Create global pointer to string, create array of strings in load() and assign local array to global pointer.

Problem:

If I try to print global array (and local as well) inside load(), everything's fine, but in case of printing with print(), segfault occurs somewhere in the end of array. GDB and valgrind outputs seem cryptic to me. I give up.
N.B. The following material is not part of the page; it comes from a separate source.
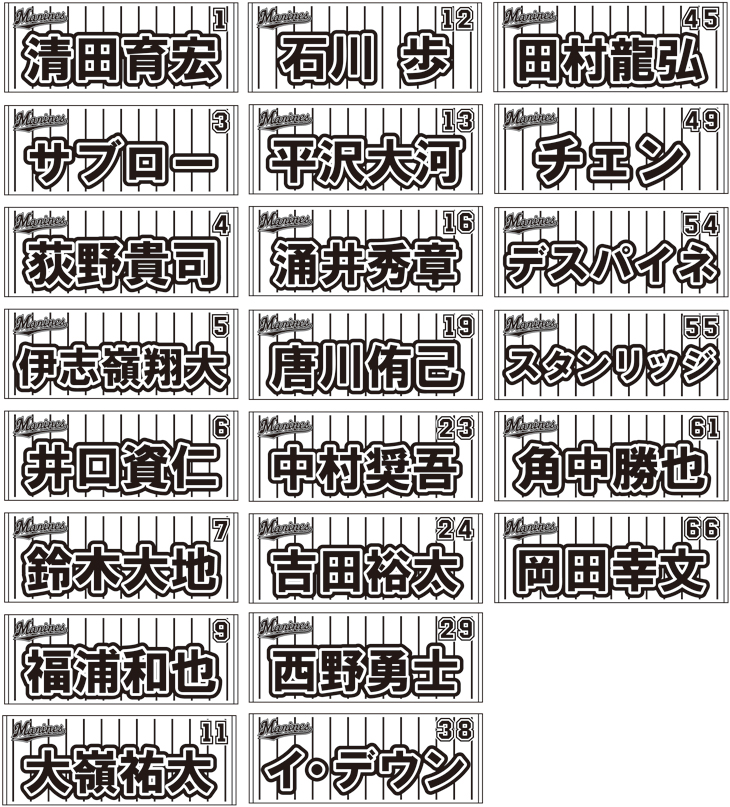 大注目ルーキーの平沢選手をはじめ、中村選手、チェン選手などホーム用で全28選手、ビジター用でも23選手がラインナップ。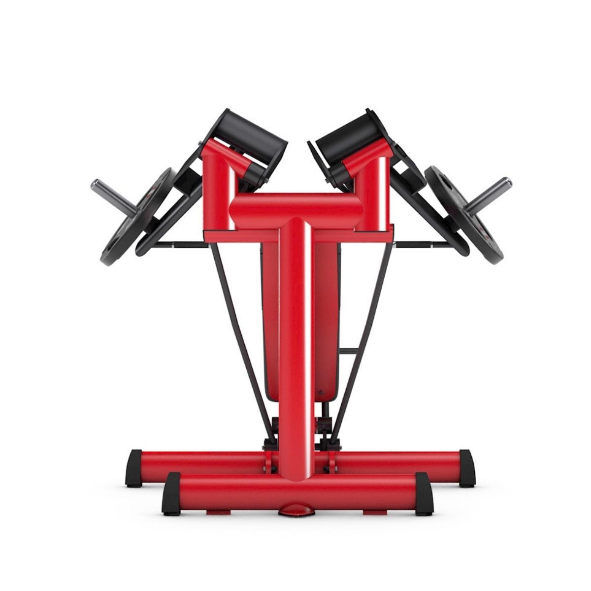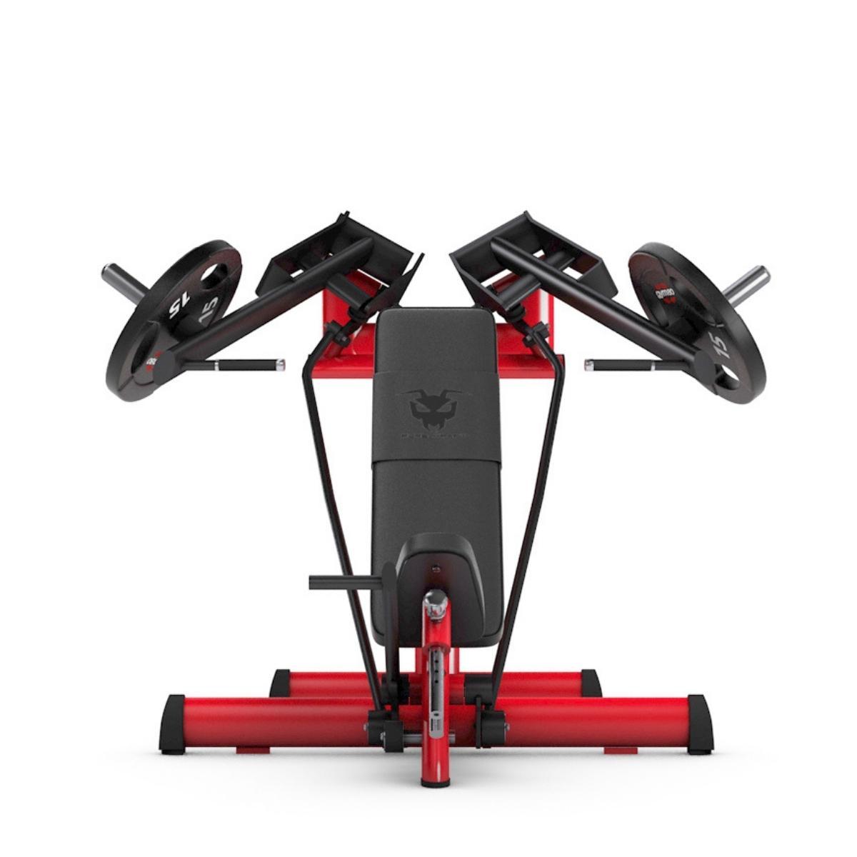 Slīpais spiešanas trenažieris ir ideāli piemērots krūšu muskuļu augšējās daļas attīstīšanai. Biomehāniski precīza kustību trajektorija, vairākas satvēriena iespējas un ērta sēdpozīcija nodrošina dabisku un efektīvu treniņu. Trenažierim ir integrēti svaru disku turētāji.

What's wrong?

Source and dictionary are here.

Code:

#include <stdio.h>
#include <stdlib.h>
#include <string.h>
#include <ctype.h>

// length of the longest word in dictionary
#define LENGTH 45
// dictionary file
#define DICTIONARY "large"

// prototypes
void load(const char* dictionary);
void print(void);

// global dictionary size
int dict_size = 0;
// global dictionary
char **global_dict;

int main(void)
{
    load(DICTIONARY);
    print();
    return 0;  
}

/**
 * Loads dictionary into memory.
 */
void load(const char* dictionary)
{
    // open dictionary file
    FILE *dict_file = fopen(dictionary, "r");    
    
    // compute size of dictionary
    for (int c = fgetc(dict_file); c != EOF; c = fgetc(dict_file))
    {
        // look for '\n' (one '\n' means one word)
        if (c == '\n')
        {
            dict_size++;
        }
    }
    
    // return to beginning of file
    fseek(dict_file, 0, SEEK_SET);
    
    // local array
    char *dict[dict_size];
    
    // variables for reading
    int word_length = 0;
    int dict_index = 0;
    char word[LENGTH + 1];   
    
    // iteration over characters
    for (int c = fgetc(dict_file); c != EOF; c = fgetc(dict_file))
    {
        // allow only letters
        if (c != '\n')
        {
            // append character to word
            word[word_length] = c;
            word_length++;
        }
        // if c = \n and some letters're already in the word
        else if (word_length > 0)
        {
            // terminate current word
            word[word_length] = '\0';
            
            //write word to local dictionary
            dict[dict_index] = malloc(word_length + 1);
            strcpy(dict[dict_index], word);
            dict_index++;
            
            // prepare for next word
            word_length = 0;
        }
    }
    
    // make local dictioinary global
    global_dict = dict;
}

/**
 * Prints dictionary.
 */
void print(void)
{
    for (int i = 0; i < dict_size; i++)
        printf("%s %p\n", global_dict[i], global_dict[i]);
}

This should go as an example of one of the most neatly formatted questions. — WedaPashi, Jun 29 '15 at 11:20
@WedaPashi It was formated by the OP, but users also shaped it like @[MohitJain](http://stackoverflow.com/posts/31113677/revisions). — Iharob Al Asimi, Jun 29 '15 at 11:25
1) always check (!=NULL) the returned value from fopen() to assure the operation was successful. 2) always check (!=-1) the returned value from fseek() to assure the operation was successful. 3) always check (!=NULL) the returned value from malloc() to assure the operation was successful — user3629249, Jun 30 '15 at 01:25
when #define'ing numeric values, always wrap the value in parens to avoid text replacement errors — user3629249, Jun 30 '15 at 01:26

Iharob Al Asimi · Answer 1 · 2015-06-29T11:17:11.660

Answer is simple, you are assigning the pointer to a variable that is local to load() and it's deallocated when load() returns, hence it's invalid in print(), that leads to undefined behavior.

You even commented it

// local array <-- this is your comment not mine
char *dict[dict_size];

You have two options:

Don't use a global variable, the pattern you used with a global variable has no benefits whatsoever, instead it's very dangerous. You could return the dynamically allocated poitner from the function load() and then pass it to print().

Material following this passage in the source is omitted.